Governance

‘Today, people love seeing reality in movies’

Nila Madhab Panda spoke to Down To Earth about his film and doing ‘realistic’ cinema

 
By Rajat Ghai
Last Updated: Tuesday 12 April 2016

Why did you think of making a movie based on the theme of water conservation?

Well, there is an emotional issue to it because as a storyteller, every director has something to do with the story of the movies he makes. For me, this story has to do with my childhood and early life. I belong to the Kalahandi-Bolangir area in Odisha, where we have seen water crisis three decades back. The water crisis was because of human-made drought. Of course, the area was a rain-shadow region. But if water would have been conserved, the population would not have suffered. I decided to make something on this issue. I have already made a lot of documentaries on this. Then I thought, why should I make another dark documentary telling the truth? Instead, why not make a film showing what happens when you do not have water. The idea was to make a satire, where you learn about the importance of water and learn how to conserve it.

Why are mainstream moviemakers taking up more and more projects on realistic issues?

I think audiences are changing. They are smart now. They have exposure to all kinds of cinema from all over the world. People are no longer interested in just mindless entertainment. Also, story-telling has changed with time. People love seeing reality in movies. The newer breed of directors, when they see this, make movies that are realistic and yet entertaining. And such movies sell well too.

Is there a market for realistic cinema?

India is still struggling in that regard. For instance, if you go to Europe or America, there is a large market for documentaries and short films as well. Here, the market is largely dominated by Bollywood and in that, by the mass entertainers starring big stars. But that is slowly changing. The multiplex audience today likes a Paan Singh Tomar, an I am Kalam and a Dum Laga Ke Haishaa. This market is still in its nascent stages, but it is growing.

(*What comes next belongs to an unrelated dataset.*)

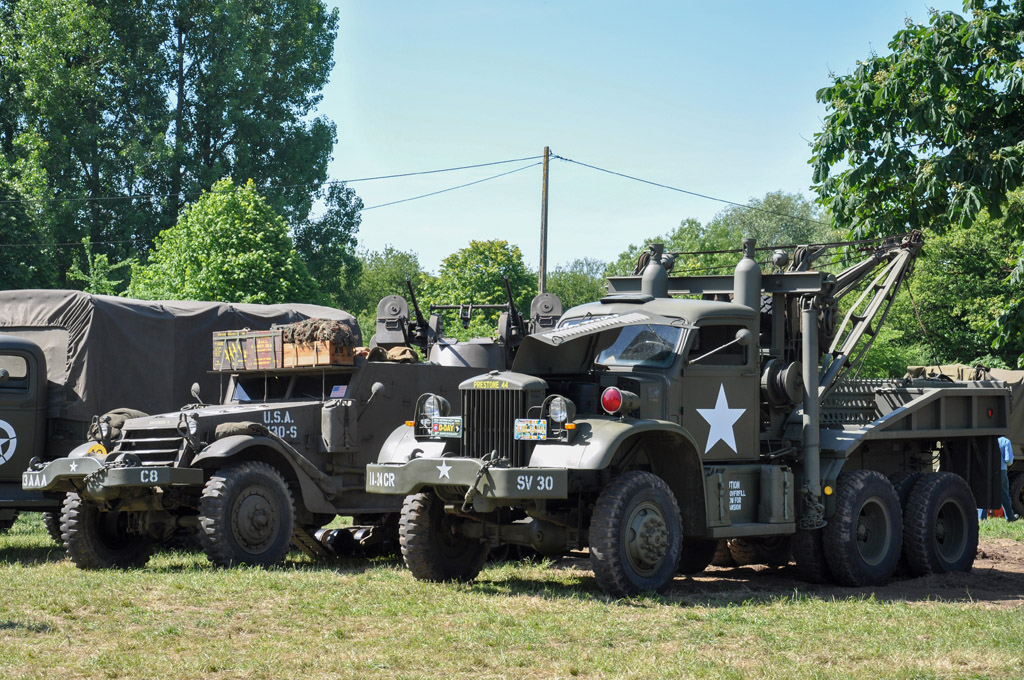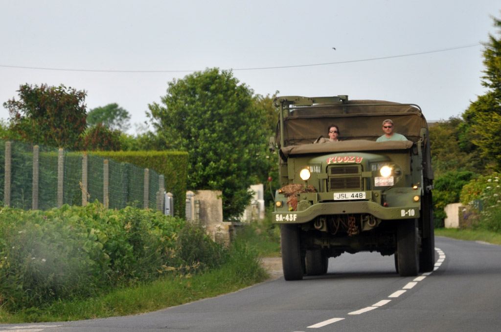 Nous reprenons ensuite la route pour notre point de chute durant ce weekend prolongé, qui se situe à l'est des plages du débarquement. Sur le chemin, nous croisons divers véhicules, Ford G8T, transformé à l'époque en 4x4 par Marmon-Herington (à priori ce serait d'origine un chasse-neige, restauré avec une benne), Chevrolet Canada C8, ou Mack NO.

If you make a realistic film and it does not do well, does that deter you from repeating the experiment?

As an artist, it is my job to tell a story the way I like it. Otherwise, what is the difference between a builder and me? A builder will construct a two-bedroom flat if that is what the public wants. Similarly, a populist filmmaker will show sex and violence in his movie if that is what the public wants. But that is business and not art. Of course, there is a huge investment that has to be recovered. But at the end of the day, as an artist, I have to explore all kinds of stories.

Will realism become a recurrent theme in the cinema of the future given our ever-increasing problems?

I think that is where we are heading to. In the last 8-10 years, the new India which has emerged is an arrogant one, flushed with new money. Because of this new money and mass globalisation, we have forgotten our own cultural moorings in trying to ape the west. We tried to become modern, but have we really become that? Our next generation, which has grown up in these times, will definitely be more realistic in their outlook towards life and this will get reflected in the cinema of the future.